NO TASTE-BY-NUMBERS  Online sales have been big for us.  We started early (1995), taste constantly, and post lots of notes.  We don’t use points: we don’t buy by points, or sell by them, or really even know what they are.  If a customer says, ‘I want a gift Bordeaux that scored big’ I honestly have to go look them up to find out.  Because we buy by what we think is good.  My computer notes are arranged like this: Côtes du Rhône; price level; what I like and why; what’s available.  You have to listen, be candid.  While I don’t keep notes on specific customers’ tastes, I do have a sense of what they might like.

WINE TALES  I think of wine as a narrative.  What’s interesting about that Malbec we tasted?  The fact that it was made in Bordeaux.  How does the taste differ from a Malbec made in Cahors, or Mendoza or Washington State?  There’s a story of how the winemaker decided to make it.  I think in terms of climate and terroir, not clones.  But today people think you can talk about quality in two digits, and meaning can be conveyed in tweets; that’s not how I think about wine.  I’m feeling a bit passé in terms of current marketing.  I think that not only are wine’s stories not being told, but the way people taste wine has changed.

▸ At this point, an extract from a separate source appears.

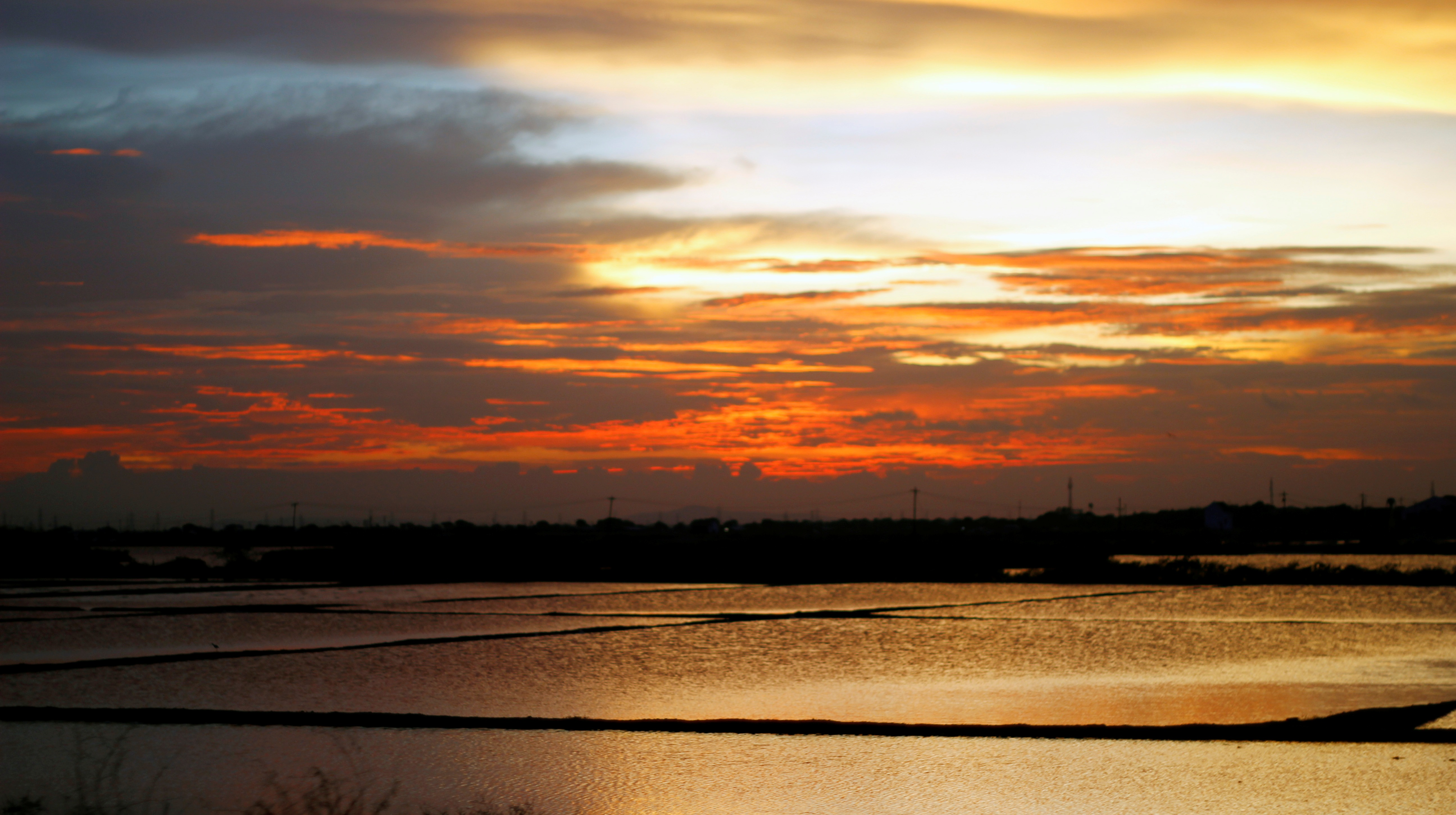 Thoothukudi (Tamil: தூத்துக்குடி), also known as Tuticorin, is a port city and a Municipal Corporation in Thoothukudi district of the Indian state of Tamil Nadu, India. Thoothukudi is the headquarters of Thoothukudi District.

NEW FLAVORS  I’ve been going to the Boston Sommelier Society, run by Michael Meagher.  It seems that the younger generation are looking for different things in wine than we do.  They look for strong initial impressions, strong simple flavors, lots of acidity.  It’s not about teasing out the meaning of the wine over time – never mind an hour, not even two minutes!  Their tasting model is more impressionistic, flavor-of-the-month.  I notice that some people I like and respect in the trade regard wines as condiments – I’m exaggerating, of course – like a mustard or sauce, asking whether they’ll ‘go with’ or complement certain dishes.  I try to make sense of a wine on its own terms: how is it structured?  Is it balanced?  Both views have their validity.  When we were learning about wine, there were areas that made very thin secondary wines not worthy of attention; now these are the younger soms’ [sic] darlings.  What used to define a good vintage in France was whether the grapes ripened enough.  When they tasted for greatness, they looked for ripeness.  (That’s why the French picked the American wines in The Judgment of Paris in 1976.)  Take, for example, upper Loire wines; they used to be thin and unripe, but have shown a bit better since global warming.  Even today the wines from Reuilly and Valencay are not showing much compared with Sancerre and Vouvray.  Yet those same unripe characteristics now are regarded as virtues.

VALUE ADDED  With the climate today heading toward a heartless Amazon.com mentality – maximum points for minimum dollars – the conscientious small retailer has to ask her/himself: “What’s my value added?  Why should customers come to my boutique rather than a chain store?”
At Federal, we stand by these precepts: 1 Tell the story.  2 Be amusing – and honest.  3 Use good judgment.  And just the other day Peter again voiced 4 as our mantra: “I want to put the very best wine I can in front of our customer.”